If $X\sim exp(\lambda)$ what is the PDF of $X^2$?

Question

If $X\sim exp(\lambda)$ what is the Probability density function of $X^2$?
I'd like to know how to calculate it, and what is the way...

Thank you!

Answer 1

We have $X\sim$ exponential distribution $(\lambda)$. The CDF of $X$ is $$ F_X(x)=\Pr[X\le x]=1-e^{\large-\lambda x}. $$ Let $Y=X^2$, then the CDF of $Y$ is $$ \begin{align} F_Y(y)&=\Pr[Y\le y]\\ &=\Pr\left[X^2\le y\right]\\ &=\Pr[X\le \sqrt{y}]\\ &=F_X(\sqrt{y})\\ &=1-e^{\large-\lambda \sqrt{y}}. \end{align} $$ Using the CDF of $y$, we can easily obtain that $Y\sim$ Weibull $\left(\frac{1}{2},\frac{1}{\lambda^2}\right)$. The PDF can also easily be found using $$ f_Y(y)=\frac{d}{dy}F_Y(y). $$

Answer 2

Hint: One way that you could find this would be to find the cumulative distribution function for $X^2$, then use it to find the probability density function.

To find the CDF for $X^2$, note that $X$ is non-negative; so $$ P(X^2\leq x)=\begin{cases}0 & \text{if }x<0\\P(X\leq\sqrt{x}) & \text{if }x\geq0\end{cases}. $$ (If we didn't have a non-negative random variable, we would have to be more careful here; in fact, we would get $$ P(X^2\leq x)=\begin{cases}0 & \text{if }x<0\\P(-\sqrt{x}\leq X\leq\sqrt{x}) & \text{if }x\geq0\end{cases}, $$ which then simplifies to our answer by noting that in that case, $P(-\sqrt{x}\leq X\leq\sqrt{x})=P(X\leq\sqrt{x})$ for $x\geq 0$.)

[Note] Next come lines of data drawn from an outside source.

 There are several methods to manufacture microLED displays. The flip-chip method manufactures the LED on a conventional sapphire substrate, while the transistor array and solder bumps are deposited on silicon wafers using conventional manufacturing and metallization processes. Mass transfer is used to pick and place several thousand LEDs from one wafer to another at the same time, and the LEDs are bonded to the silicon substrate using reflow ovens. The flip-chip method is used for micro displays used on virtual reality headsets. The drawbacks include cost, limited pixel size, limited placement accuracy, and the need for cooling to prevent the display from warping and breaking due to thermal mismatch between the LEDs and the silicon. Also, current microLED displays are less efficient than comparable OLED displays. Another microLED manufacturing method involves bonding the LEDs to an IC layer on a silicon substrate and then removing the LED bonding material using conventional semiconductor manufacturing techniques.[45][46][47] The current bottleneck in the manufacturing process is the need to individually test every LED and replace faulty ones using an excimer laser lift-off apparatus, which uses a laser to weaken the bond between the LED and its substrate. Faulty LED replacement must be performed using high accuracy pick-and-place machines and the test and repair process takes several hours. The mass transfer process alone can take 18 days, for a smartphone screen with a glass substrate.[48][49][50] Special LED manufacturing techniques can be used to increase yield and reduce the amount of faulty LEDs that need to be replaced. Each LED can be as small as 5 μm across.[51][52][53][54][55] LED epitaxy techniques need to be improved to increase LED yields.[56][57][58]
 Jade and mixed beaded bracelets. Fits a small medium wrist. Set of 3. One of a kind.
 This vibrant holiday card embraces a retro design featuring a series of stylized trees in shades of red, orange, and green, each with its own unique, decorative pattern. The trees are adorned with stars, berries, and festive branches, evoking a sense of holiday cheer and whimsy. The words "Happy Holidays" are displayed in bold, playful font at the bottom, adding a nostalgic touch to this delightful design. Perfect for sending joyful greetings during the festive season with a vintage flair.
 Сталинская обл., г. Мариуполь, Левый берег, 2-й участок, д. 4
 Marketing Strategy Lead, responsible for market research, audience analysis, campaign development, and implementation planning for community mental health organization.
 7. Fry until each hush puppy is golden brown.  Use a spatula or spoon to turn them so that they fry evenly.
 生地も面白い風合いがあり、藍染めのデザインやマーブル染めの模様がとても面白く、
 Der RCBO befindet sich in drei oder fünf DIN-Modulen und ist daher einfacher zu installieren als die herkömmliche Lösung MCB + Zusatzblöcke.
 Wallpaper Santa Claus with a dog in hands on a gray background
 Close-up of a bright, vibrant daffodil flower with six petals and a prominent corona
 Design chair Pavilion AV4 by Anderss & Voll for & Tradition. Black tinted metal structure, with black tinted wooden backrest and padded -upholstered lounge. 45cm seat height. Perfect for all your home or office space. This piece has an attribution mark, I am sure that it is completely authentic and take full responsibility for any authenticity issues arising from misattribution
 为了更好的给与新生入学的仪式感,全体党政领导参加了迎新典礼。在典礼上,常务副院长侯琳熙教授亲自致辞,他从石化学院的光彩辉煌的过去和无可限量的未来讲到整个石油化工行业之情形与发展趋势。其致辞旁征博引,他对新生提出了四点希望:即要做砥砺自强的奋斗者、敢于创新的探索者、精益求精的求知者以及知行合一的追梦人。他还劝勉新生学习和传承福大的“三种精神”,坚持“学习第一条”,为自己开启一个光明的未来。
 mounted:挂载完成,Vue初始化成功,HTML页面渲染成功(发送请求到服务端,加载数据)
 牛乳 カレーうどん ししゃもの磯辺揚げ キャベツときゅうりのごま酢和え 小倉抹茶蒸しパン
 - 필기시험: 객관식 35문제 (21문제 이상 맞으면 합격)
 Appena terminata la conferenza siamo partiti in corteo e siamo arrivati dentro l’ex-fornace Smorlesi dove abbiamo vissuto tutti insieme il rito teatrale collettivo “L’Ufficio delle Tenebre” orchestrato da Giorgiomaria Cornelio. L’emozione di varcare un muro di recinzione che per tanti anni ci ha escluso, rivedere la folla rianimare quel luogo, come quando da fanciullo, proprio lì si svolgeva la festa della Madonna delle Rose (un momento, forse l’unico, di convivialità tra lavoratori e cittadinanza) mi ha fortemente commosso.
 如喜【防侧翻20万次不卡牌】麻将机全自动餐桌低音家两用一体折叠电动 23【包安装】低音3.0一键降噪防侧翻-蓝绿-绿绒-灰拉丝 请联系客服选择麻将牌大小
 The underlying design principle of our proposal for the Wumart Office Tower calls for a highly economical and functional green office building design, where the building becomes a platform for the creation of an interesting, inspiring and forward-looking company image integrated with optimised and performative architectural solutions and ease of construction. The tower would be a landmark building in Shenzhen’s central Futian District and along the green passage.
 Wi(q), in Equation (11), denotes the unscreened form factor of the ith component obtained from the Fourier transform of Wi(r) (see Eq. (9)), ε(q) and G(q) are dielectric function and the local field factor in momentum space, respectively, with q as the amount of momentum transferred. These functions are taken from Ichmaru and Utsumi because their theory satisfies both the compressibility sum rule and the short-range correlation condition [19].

Once you've found the CDF, do you know how to find the density?

Answer 3

If $Y=X^2$ and $u$ is a bounded, measurable function, then $$ {\rm E}[u(Y)]=\int_0^\infty u(x^2)\lambda e^{-\lambda x}\,\mathrm dx. $$ Now, do a change of variables with $y=x^2$ to obtain something of the form $$ \int_0^\infty u(y)v(y)\,\mathrm dy $$ for some function $v$ (to be determined by you) and conclude that the density of $Y$ is $y\mapsto v(y)\mathbf{1}_{y>0}$.